Release Day Review: A Girl Called Samson by Amy Harmon


From New York Times bestselling author Amy Harmon comes the saga of a young woman who dares to chart her own destiny in life and love during the American Revolutionary War.

In 1760, Deborah Samson is born to Puritan parents in Plympton, Massachusetts. When her father abandons the family and her mother is unable to support them, Deborah is bound out as an indentured servant. From that moment on, she yearns for a life of liberation and adventure.

Twenty years later, as the American colonies begin to buckle in their battle for independence, Deborah, impassioned by the cause, disguises herself as a soldier and enlists in the Continental Army. Her impressive height and lanky build make her transformation a convincing one, and it isn’t long before she finds herself confronting the horrors of war head-on.

But as Deborah fights for her country’s freedom, she must contend with the secret of who she is—and, ultimately, a surprising love she can’t deny.

**ARC provided in exchange for an honest review**

Amy Harmon, without a doubt, is one of the finest authors out there, and one of my personal favorites. I say this in every review I write for her, but I genuinely feel that way. Her writing is so captivating that I would read anything she writes. I am thrilled that she has chosen to delve into historical fiction, and her latest book, A Girl Called Samson, is a testament to her incredible storytelling ability. Harmon masterfully brings the characters and their stories to life, immersing the reader in the world she has created.

“I loved them in different amounts. Small piles and great piles. I do not love you the same way. This feeling is new. It is a mountain, and it has fallen on me. I didn’t know it would feel this way to love.”

Although A Girl Called Samson took a bit of time to gain momentum, once it did, I was hooked. The character Deborah Samson is an awe-inspiring figure of strength, determination, and resilience, and Harmon does an excellent job of telling her story. I found myself rooting for Deborah until the very end. The book has all the elements of a great story- poignant moments, light-hearted scenes, heart-pumping moments of tension, and just the right amount of romance. Harmon's ability to transport readers into the world she has created is remarkable, and I found myself fully invested in Deborah's journey.

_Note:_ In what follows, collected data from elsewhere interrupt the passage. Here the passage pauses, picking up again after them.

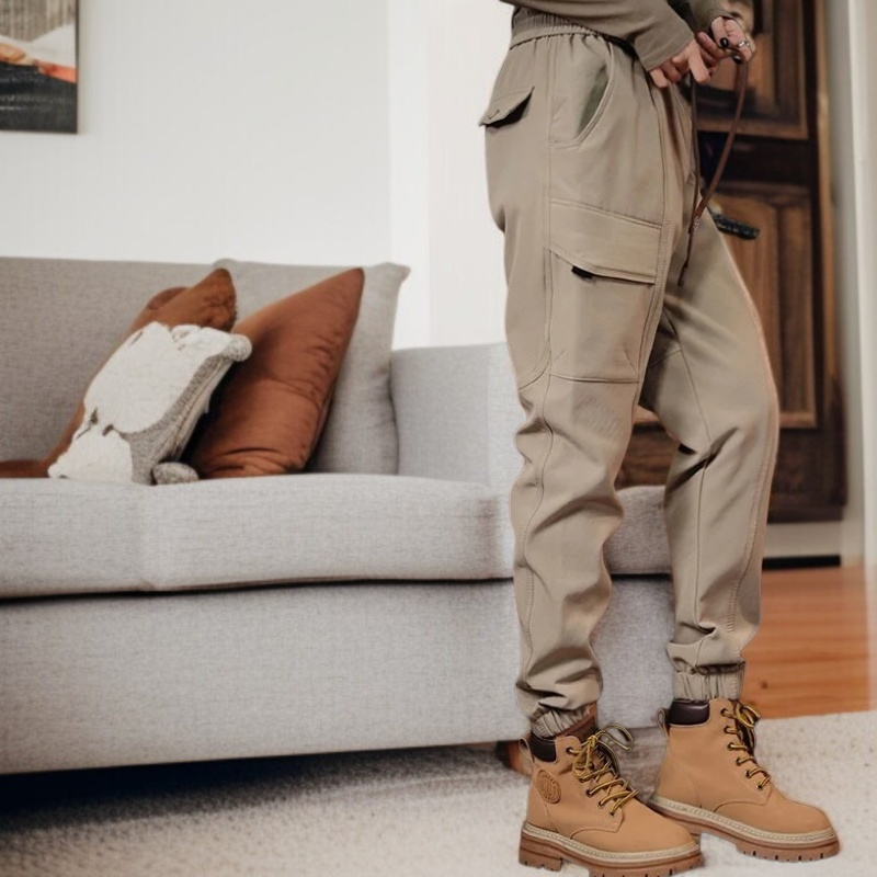 ● ゆったりとしたシルエットで動きやすく、春のお出かけや普段使いに最適なカーキワークパンツです。
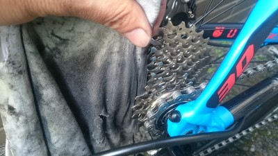 写真のようにボロ布を上下に動かせば、カセットスプロケットの汚れを拭き取れます。
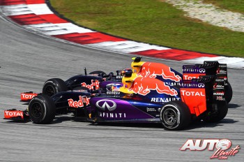 Pero, este GP de Malasia 2015, no solo ha sido grande para la Fórmula 1 por el triunfo de Sebastian Vettel y Ferrari. También hemos podido asistir y disfrutar de una pugna constante entre el resto de los coches de la parrilla, descartados para la batalla los McLaren-Honda de Fernando Alonso y Jenson Button, junto al lentísimo Manor de Roberto Mehri (en su debut en Fórmula 1).
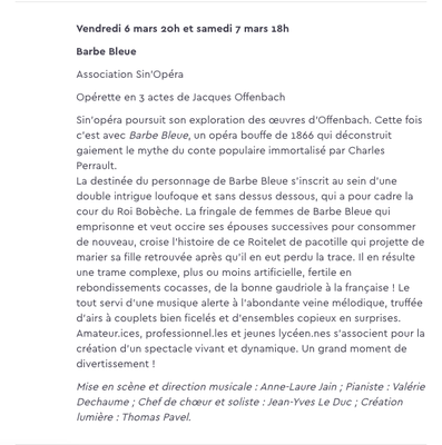 Pour rejoindre la troupe de Sin'Opéra (2027-2028), contactez Isabelle Rivaille
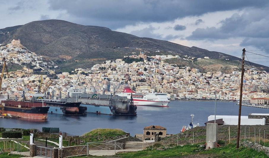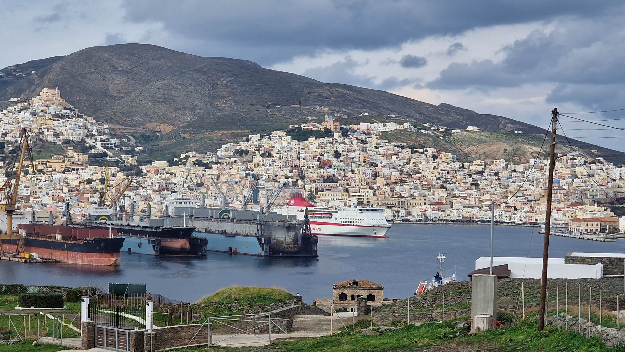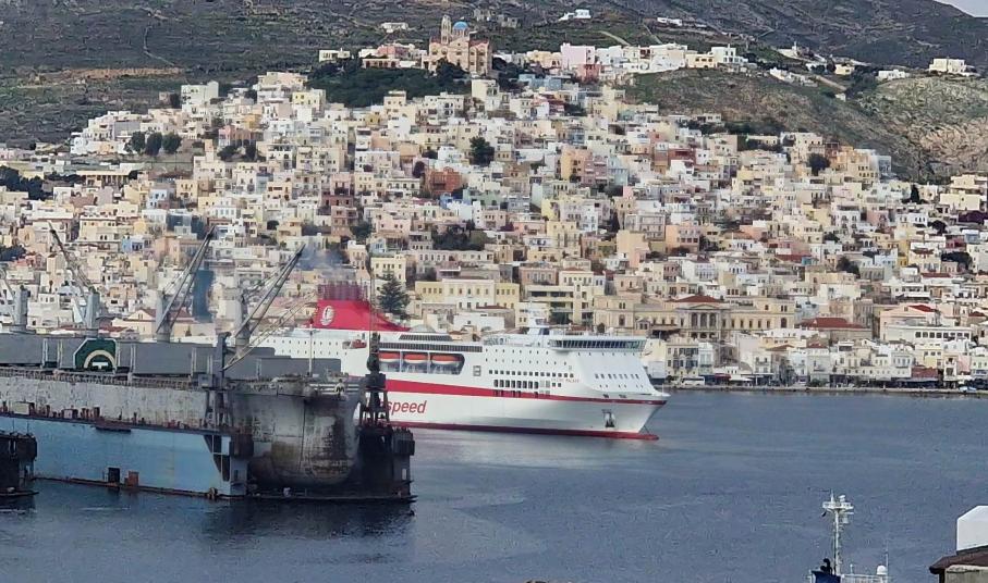 Στο λιμάνι της Ερμούπολης έφτασε το μεσημέρι του Σαββάτου το πλοίο Festos Palace της εταιρείας Minoan Lines, προκειμένου να δεξαμενισθεί στο ναυπηγείο του Νεωρίου.

Overall, A Girl Called Samson is a triumph of historical fiction, and I cannot recommend it enough. Harmon's talent as a writer is undeniable, and I am eagerly anticipating her next book.

About the author:

Amy Harmon is a Wall Street JournalUSA Today, and New York Times Bestselling author. Amy knew at an early age that writing was something she wanted to do, and she divided her time between writing songs and stories as she grew. Having grown up in the middle of wheat fields without a television, with only her books and her siblings to entertain her, she developed a strong sense of what made a good story. Her books are now being published in seventeen different languages, truly a dream come true for a little country girl from Levan, Utah.

Amy Harmon has written sixteen novels - the Washington Post bestseller What the Wind Knows, the USA Today bestsellers The Bird and The Sword, The Smallest Part, Making Faces and Running Barefoot, as well as the #1 Amazon bestselling historical From Sand and Ash, Where the Lost Wander, The First Girl Child, The Queen and The Cure, The Law of Moses, The Song of David, Infinity + One, Slow Dance in Purgatory, Prom Night in Purgatory, and the New York Times bestseller, A Different Blue. Her latest novel, The Songbook of Benny Lament, a historical romance, is now available.